For everybody who writes proposals to the Air Force Research Laboratory: AFRL has issued a revised proposal writing guide (with formats, etc). See the link above, and the nested links therein, to MS Word docs, etc.
This is not a new program, but some modifications were made to the BAA. It is worth taking a fresh look, because AFOSR has been a very good customer of Binghamton in the past, and they are good sponsors to work with. They sponsor open, basic research, and I can help tie a lot of topics to Air Force S&T priorities. This is an open BAA, but if you talk to the program managers, you will find out specific deadlines for individual project funds.
Previously I had posted a notice that the DARPA Microsystems Technology Office was conducting an Industry Day to inform potential performers what the office's focus areas are for the coming year. That solicitation has now been published in the form of a Broad Area Announcement (BAA).
Some specific areas of interest to the Watson School include chip-scale sensors, MEMS, energy-efficient computing, heterogeneous integration, low volume microsystems manufacturing, photonic and electronic interconnects, and thermal management. See the BAA for instructions on how to apply.
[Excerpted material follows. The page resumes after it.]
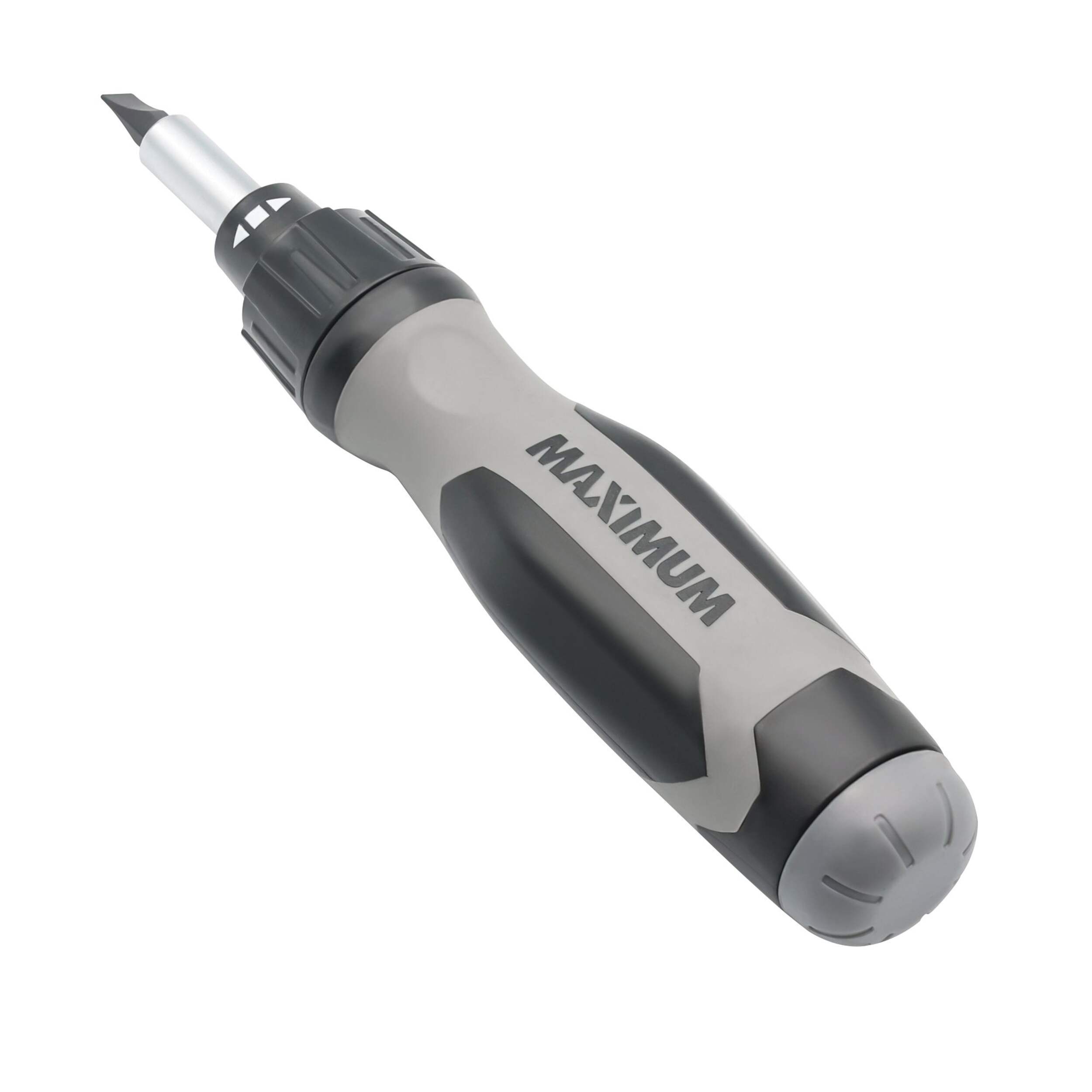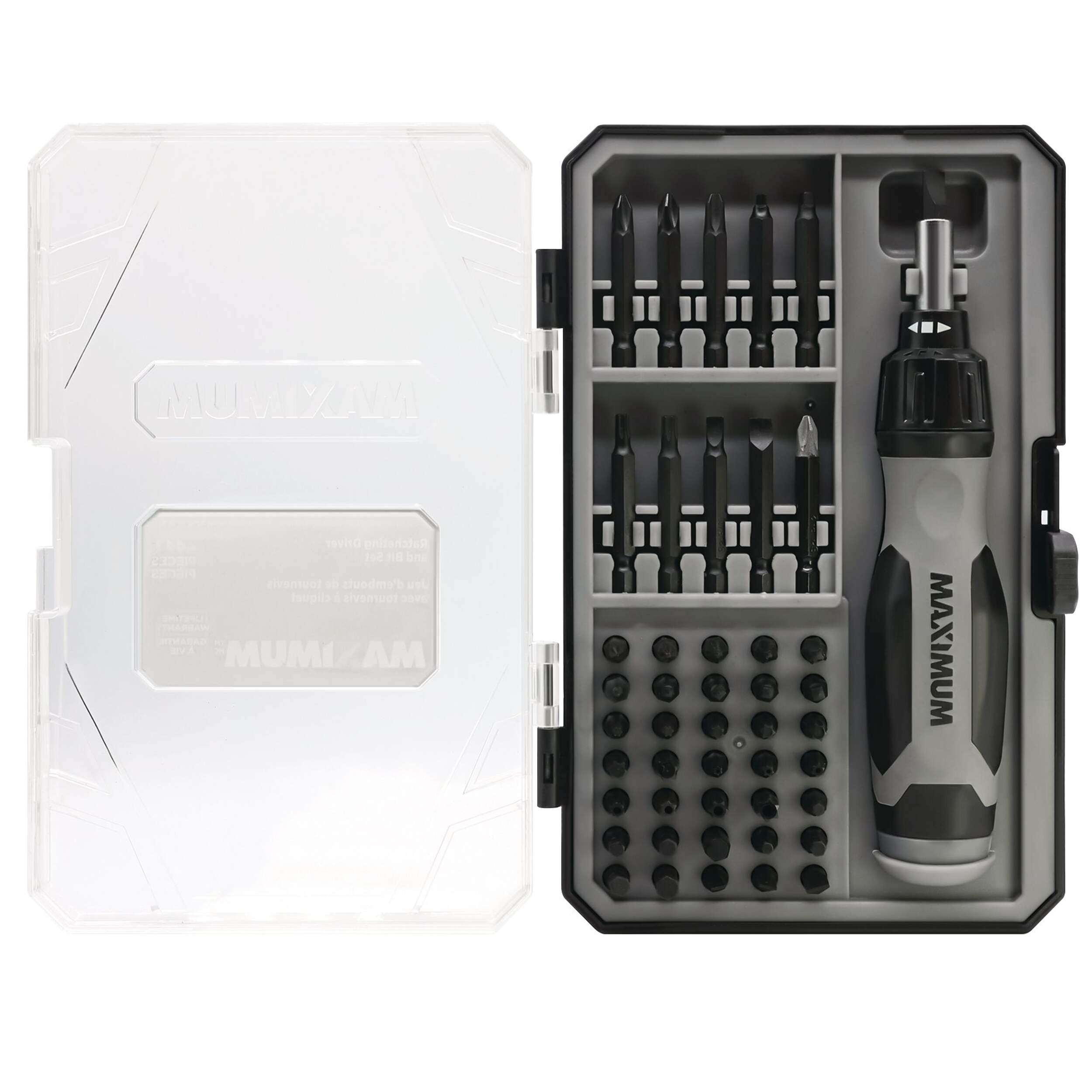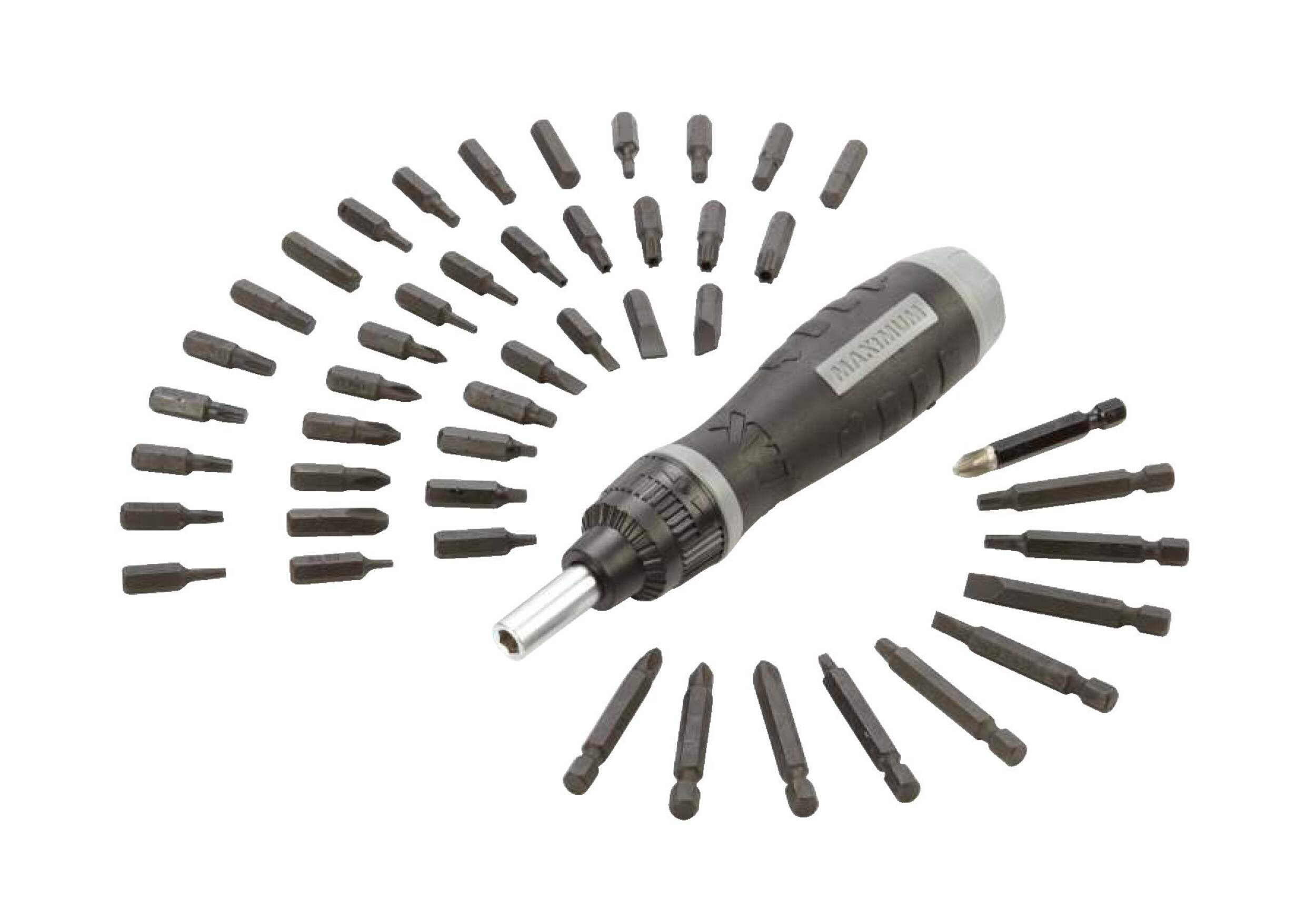 Make sure you're equipped for a variety of projects with the MAXIMUM Ratcheting Screwdriver Set. Durable and versatile, the screwdriver kit features S2 shock-resistant alloy steel bits with a black oxide coating to protect against corrosion. The ratcheting driver includes integrated bit storage for added convenience. With dozens of bits to choose from, you’re sure to find the one you need for any DIY or workplace challenge.

The Dept of Homeland Security has a sizable budget to support science and technology in diverse areas of interest. This long-term BAA describes opportunities in border and maritime security (inc. sensors), chemical and biological defense (inc. sensors and countermeasures), cyber security (many areas, including data analytics and CPS), explosives countermeasures, first-responder technologies (inc. data-sharing, and standards development).
This is a five-year BAA that will be open until December 2018.
NEW for April 2017: DHS has issued another open BAA, open for five years.